How can you tell if someone is gaslighting you?
If you’ve heard the term gaslighting and wondered what it is, you’re not alone. Gaslighting is a specific form of psychological manipulation that can leave you questioning your own sanity. Psychiatrist Shilpa Srinivasan, MD, explained more about gaslighting so you can tell if it’s happening to you.
What is gaslighting?
“Gaslighting is a form of abuse where one person or a group of people fosters a sense of self-doubt or confusion in the person who’s being gaslighted,” Dr. Srinivasan said. “It’s a form of control and a way to undermine the other person in the relationship.
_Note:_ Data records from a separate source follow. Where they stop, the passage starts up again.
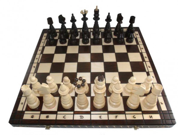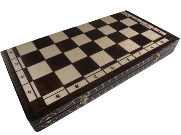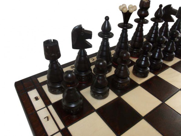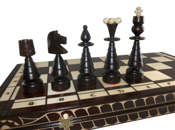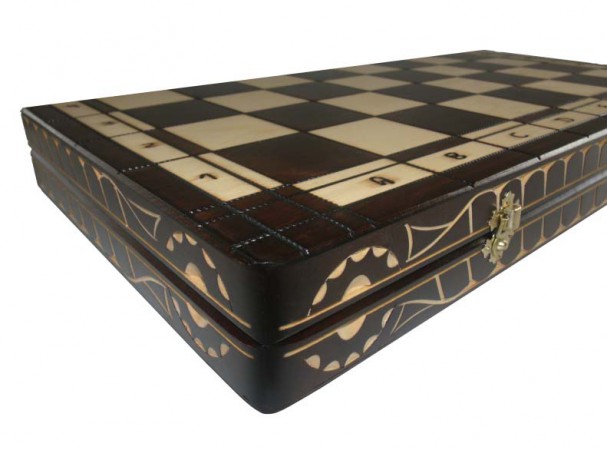 Данный комплект шахмат имеет внушительные размеры и необычный вид. Доска при раскладывании превращается в поле битвы, размер которого 60 х 60 см, торцы доски украшены резьбой, которая прекрасно сочетается с выжженными линиями, которыми доска поделена на клетки. Внутри шахматной доски присутствует бархатная ткань, также доска оснащена красивыми металлическими замочками. Деревянные фигуры по-своему уникальны, их основания по форме напоминают елки, кроме того на фигурах присутствуют элементы резьбы, высота короля 17 см. Если Вы хотите удивить друга или близкого человека, шахматы елочные выступят в роли незабываемого и оригинального подарка.
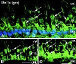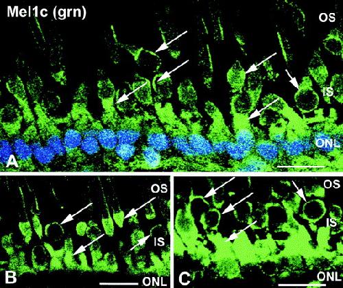 Confocal image of Mel1c immunoreactivity in the photoreceptor layers. Mel1c immunoreactivity is present in the photoreceptor inner segments (IS; arrows), but not in the outer segments (OS; the axoneme labelling is also seen in control sections). Also, Mel1c immunoreactivity is present in distal regions of the OPL directly adjacent to photoreceptor nuclei in the outer nuclear layer (ONL), and may represent photoreceptor synaptic terminals. The oblique orientation and cross sections of photoreceptor IS reveal the plasma membrane localization of the Mel1c receptor (arrows). In the IS, Mel1c labelling is exclusively present on the plasma membrane (arrows). The illusion of Mel1c immunoreactivity filling the IS is due to the thickness of the tissue sections, showing the immunoreactivity of the cell membrane as it spans the width of the IS. Scale bars represent 50 μm.
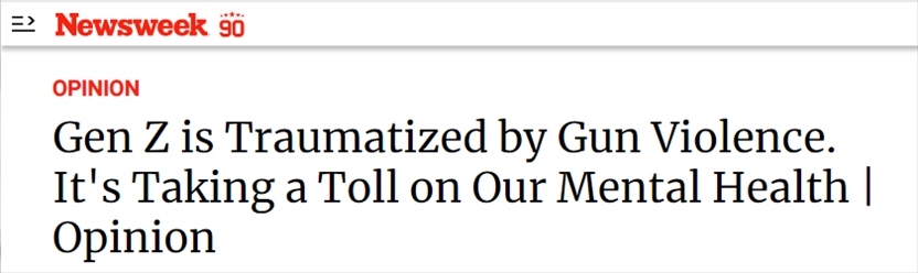 文章作者亞莉克莎·布朗寧(Alexa Browning)寫到,作為年輕人,她對槍支暴力造成的創(chuàng)傷有切身體會,其帶來的恐懼已滲透到她日常生活的每個角落,讓她精疲力盡。她無法和家人一起去看電影,因為她非常擔心自己分辨不了煙花的響聲和槍聲。

It typically occurs in intimate relationships, but it can occur in other social relationships or even in the workplace.”
According to the National Domestic Violence Hotline, 3 out of 4 female victims of intimate partner violence have reported gaslighting by their partner in the context of their relationships.
Gaslighting gets its name from the 1938 play Gas Light and gained further popularity with an adaptation of the play to film in 1944. The story focuses on an abusive husband’s attempts to make his wife think she’s going insane in part by dimming the home’s gas lighting or causing the lights to flicker and then denying anything has changed.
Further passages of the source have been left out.